Per il nostro autore, nella concezione borghese dello Stato confessionale, parlare di riforma vuol dire in realtà fare in modo che le cose rimangano tali e quali. Il problema sta nel ritenere lo Stato, come abbiamo visto sopra, l’unico garante della pluralità. Secondo questa concezione il Libano non potrebbe esistere se non in quanto sistema basato su questo tipo di pluralismo confessionale, sopprimendo il quale si andrebbe a distruggere l’essenza stessa del Libano. Amil ne deduce che questo pensiero è portato quindi a vedere nell’unità del tessuto sociale la

soppressione della diversità e a ritenere che il cambiamento del sistema implichi la fine, la distruzione dello Stato libanese.

“La logica del pensiero di Chiha – che spiega l’esigenza del sistema confessionale con l’esistenza delle comunità confessionali in quanto entità autonome, quest’ultime essendone la causa e il primo essendone l’effetto – è una logica che stipula la perennità di questo sistema, anche se viene qualificato di provvisorio” (‘Amil, 1996: 141) .

La contraddizione di chi sostiene la riforma del sistema piuttosto che la sua abolizione risiede per Amil nel fatto che è allo Stato confessionale esistente che si affida in Libano il ruolo di portare a compimento la transizione tra una società di coesistenza confessionale a una società d’unità nazionale. Come si potrà fare l’unificazione della società con questo Stato nazionale? Si chiede Amil: “questo Stato confessionale non è il principale ostacolo all’unificazione? Come può essere lo Stato confessionale lo strumento di superamento del confessionalismo? Come può realizzare l’opera di uno Stato non confessionale?” (‘Amil, 1996: 131-135).

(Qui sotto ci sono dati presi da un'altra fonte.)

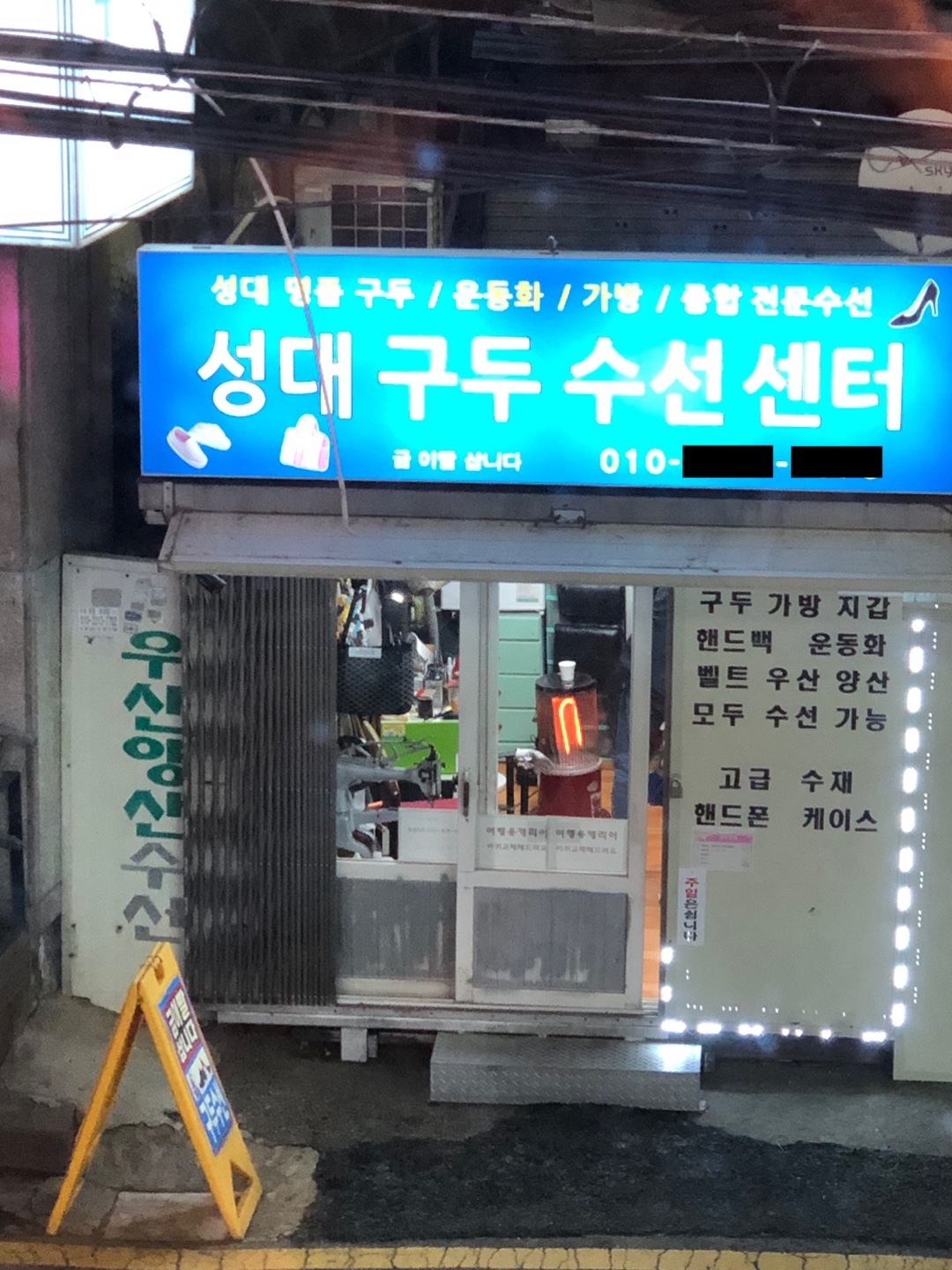 카페 창 밖에 보이는 구두수선 가게가
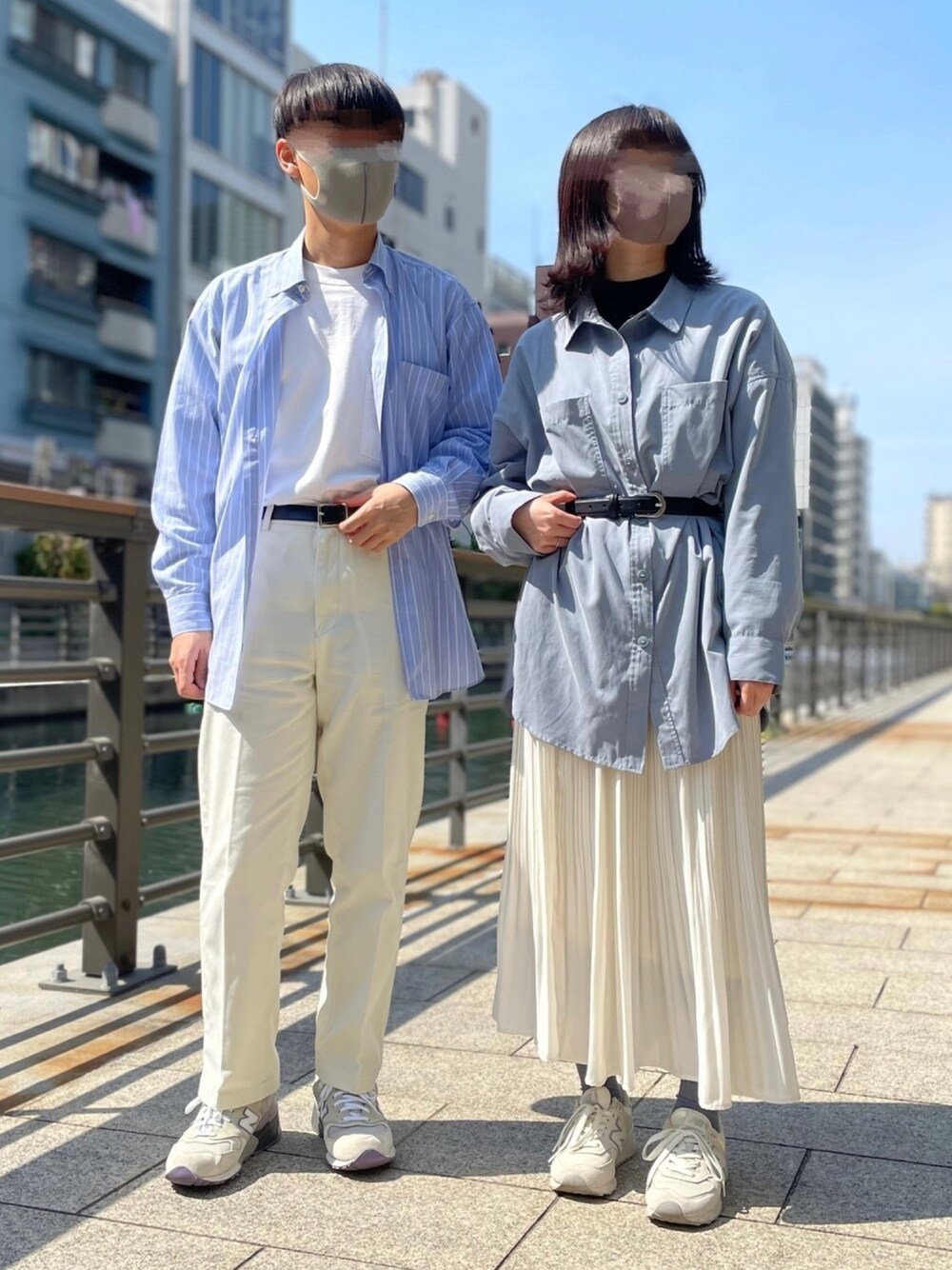 いつもいいねやお気に入りありがとうございます🐶 個人用アカウントとInstagramもやってます📷 ◾️個人用アカウント【@2ntwtk0】 ◾️Instagram【@mokolink】 そちらにもぜひ遊びに来てください🥺 ------------------------------------------------------- ✔️ 爽やか青シャツコーデ 春夏を意識してブルーをメインにリンクコーデ👫 ボトムスをホワイトにすることで、爽やかなコーデになります🐬 パンツとスカートでアイテムは違いますが、色を合わせれば◎ 形違いのリンクもかわいいです〜! 🙋♀️ウエストマーク×プリーツスカート メンズライクなオーバーサイズのシャツに女性らしさをプラスしました♡ ベルトは太めのものを選ぶとコーデにメリハリがつけられます! 🙋♂️タックイン 冬から春夏にかけてアイテム数が減ってきて、今回はシャツ以外オールホワイトなのでコーデが単調になりやすいです🤔 なのでタックインして、ベルトは黒でコーデに締まりを◎ アイテム数が少なくなる春夏こそタックインの出番ですね!

Egli ritiene che la riforma ipotizzata da alcune fazioni condurrebbe a un rinforzamento e a un radicamento del sistema politico confessionale e non al suo cambiamento. Più che una soluzione, la riforma appare ai suoi occhi come un aggravamento della crisi del sistema.

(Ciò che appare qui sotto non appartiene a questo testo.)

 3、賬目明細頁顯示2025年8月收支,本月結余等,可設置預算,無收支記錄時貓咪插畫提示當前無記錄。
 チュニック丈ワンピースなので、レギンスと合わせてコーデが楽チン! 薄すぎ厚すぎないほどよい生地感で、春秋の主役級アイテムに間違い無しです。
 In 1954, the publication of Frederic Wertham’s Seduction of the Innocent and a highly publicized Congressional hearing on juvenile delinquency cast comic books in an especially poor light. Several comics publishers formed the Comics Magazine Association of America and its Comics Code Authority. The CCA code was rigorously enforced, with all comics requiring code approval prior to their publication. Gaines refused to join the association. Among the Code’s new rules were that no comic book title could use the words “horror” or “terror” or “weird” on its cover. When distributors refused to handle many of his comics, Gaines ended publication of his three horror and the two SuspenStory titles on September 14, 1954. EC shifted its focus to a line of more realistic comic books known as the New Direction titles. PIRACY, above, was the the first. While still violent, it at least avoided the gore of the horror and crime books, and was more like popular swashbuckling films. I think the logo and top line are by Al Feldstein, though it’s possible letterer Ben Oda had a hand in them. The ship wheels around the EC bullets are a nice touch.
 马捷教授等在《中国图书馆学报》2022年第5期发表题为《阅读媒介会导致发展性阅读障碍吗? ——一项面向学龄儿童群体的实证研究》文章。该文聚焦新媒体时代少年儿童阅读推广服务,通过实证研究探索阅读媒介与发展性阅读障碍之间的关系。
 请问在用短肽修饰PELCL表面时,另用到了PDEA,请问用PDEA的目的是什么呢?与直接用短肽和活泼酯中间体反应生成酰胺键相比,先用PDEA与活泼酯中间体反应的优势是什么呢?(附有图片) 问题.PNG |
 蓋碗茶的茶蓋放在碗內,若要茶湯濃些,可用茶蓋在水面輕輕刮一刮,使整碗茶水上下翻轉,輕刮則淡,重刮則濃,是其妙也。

Inoltre, questa opposizione violenta alla richiesta di abolizione del sistema confessionale viene ritenuta un indicazione evidente di quanto la forma confessionale di questo Stato sia essenziale alla sua esistenza in quanto Stato borghese. Questa forma permetterebbe infatti alla borghesia di conservare la presa sul corso della lotta di classe mantenendo le classi lavoratrici prigioniere di un rapporto di dipendenza nei suoi riguardi. Questo rapporto, che è precisamente un rapporto di rappresentanza comunitario-confessionale, fa in modo che le classi lavoratrici siano subordinate ai loro rappresentanti comunitari in seno alla borghesia e siano quindi privati di una esistenza politica indipendente. La forma confessionale dello Stato borghese libanese è essenziale alla sua esistenza in quanto Stato di classe borghese (‘Amil, 1996: 37).